— Красиво. Я знал, но никогда не видел, — сказал Гаврила.
— Ты пулемет заклинил, — жестко сказал Мастиф.
— Какая разница? Главное — красиво. Иногда вы красивые. Я пришел, и оказалось, что дом занят племенем диких и опасных обезьян. Где тот страх, правящий миром? Когда нет шансов — вы сражаетесь. Глупо, но красиво, — говорил Гаврила будто сам с собой. — В таком доме нельзя жить. Я ухожу.
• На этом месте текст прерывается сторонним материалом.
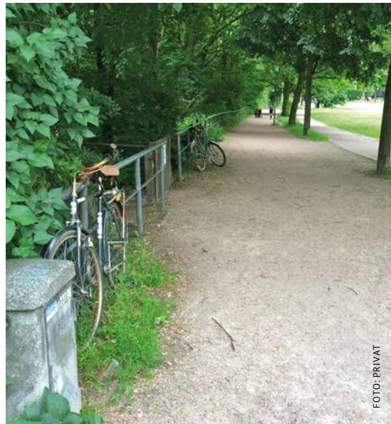
An einem der wenigen trockenen Tage im Jahr

Die großzügige Auslegung dieser Beschlüsse durch das Bezirksamt ging für manche über die Schmerzgrenze, aber der Knoten löste sich. Das Amt entwarf einen runden Tisch für den gesamten Isebek-Grünzug und besetzte ihn paritätisch mit allen Beteiligten: AnwohnerInnen und NutzerInnen, GrundeigentümerInnen, Ökologische Verbände und Initiativen, Lokale Vereine und Institutionen sowie die Eimsbütteler Bezirkspolitik.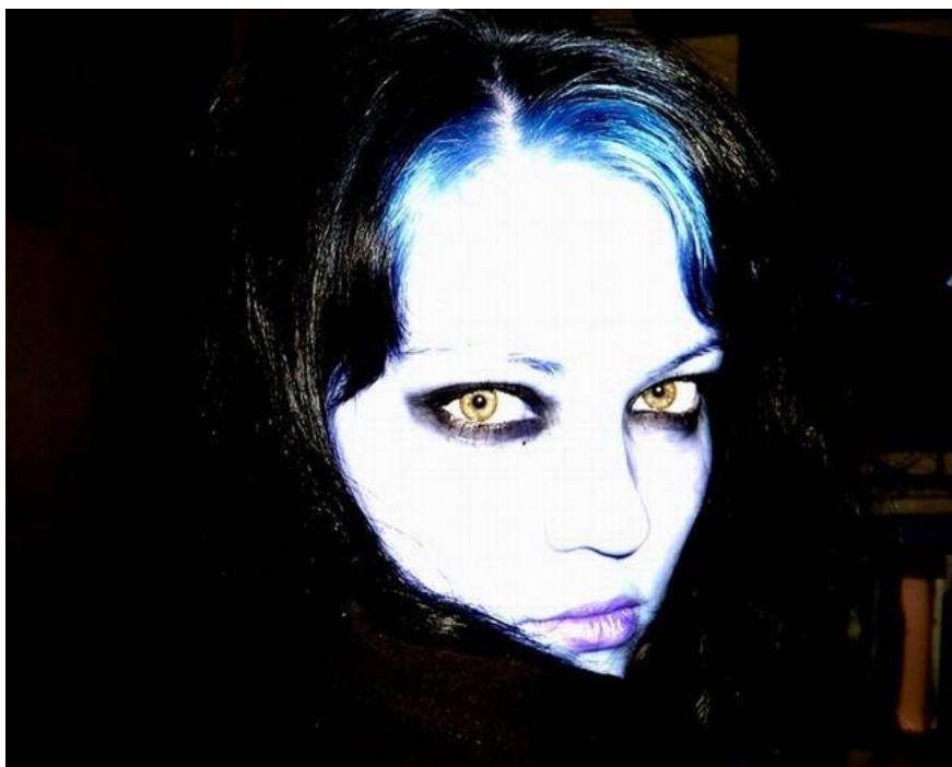
Příloha č. 4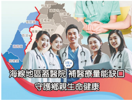
▲醫審會通過白沙屯童醫院籌設許可

353 場，發現 387 人癌前病變、確診癌症人數 68 人，已進行追蹤轉介管理。推動 C 肝微根除計畫，在高風險鄉鎮辦理大規模肝炎免費篩檢，根據中央統計，本縣 C 型肝炎抗體篩檢率達 71.8%，為全國第一，治療率高達 95.5%。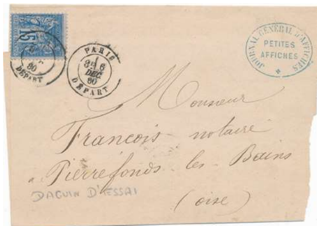
Ce jumelé déposé par une machine anglaise à l'essai dans le bureau principal de Paris est plutôt difficile à trouver.

C'est la période des essais de Paris, même si les divers cachets utilisés "déborderont" sur le N°90 IID.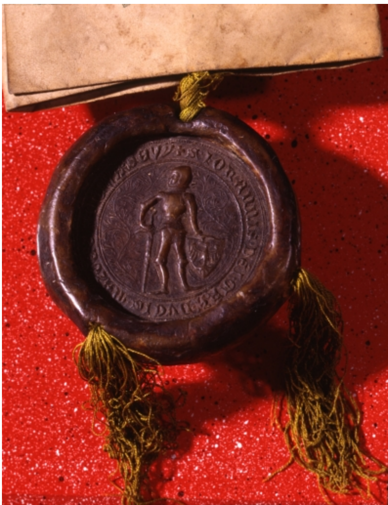
Pieczęć Janusza I Starszego, księcia wiskiego i warszawskiego przy dokumencie z 1379 r., wł.: Archiwum Główne Akt Dawnych, fot. M.Bronarski, Archiwum Zamku Królewskiego.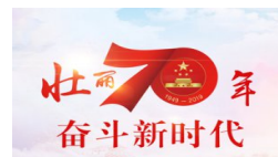
壮丽70年·奋斗新时代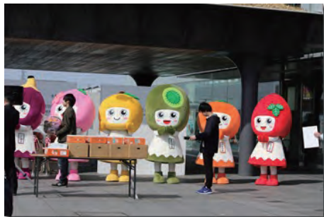
ぷるぷる娘も大ハッスル〜

— Так что ж ты не вырежешь этих обезьян? — выкрикнул Мастиф, морщась от боли. — Кишка тонка?
— Думаете, вы одни такие? — обернулся вдруг Гаврила и лицо в этот момент у него было такое… совсем человеческое. — Мы ведь… почти такие же. Пока сражаемся — сильны и красивы. Вот и вы. Перестанете драться — и умрете. Плохой путь. Верный, но плохой. А все дело в том, что вы производите больше, чем можете съесть. Наверно, это общая беда. А я — просто оружие…
Гаврила развернулся и пропал. Но он был все еще здесь — Мастиф это чувствовал совершенно отчетливо.
— Гаврила, — пытался прорваться сквозь красную пелену Сашка. — Только электричество не включай… подожди еще чуть-чуть… может, придумаем что….
— Хрен мы что придумаем, — хрипел Александр, неимоверным усилием удерживаясь на ногах. — Мы и без электричества целый город дармоедов кормим. Все правильно, сука, сказал. Они, мля, на эти млядские «излишки» рты разевают… Маркса надо читать.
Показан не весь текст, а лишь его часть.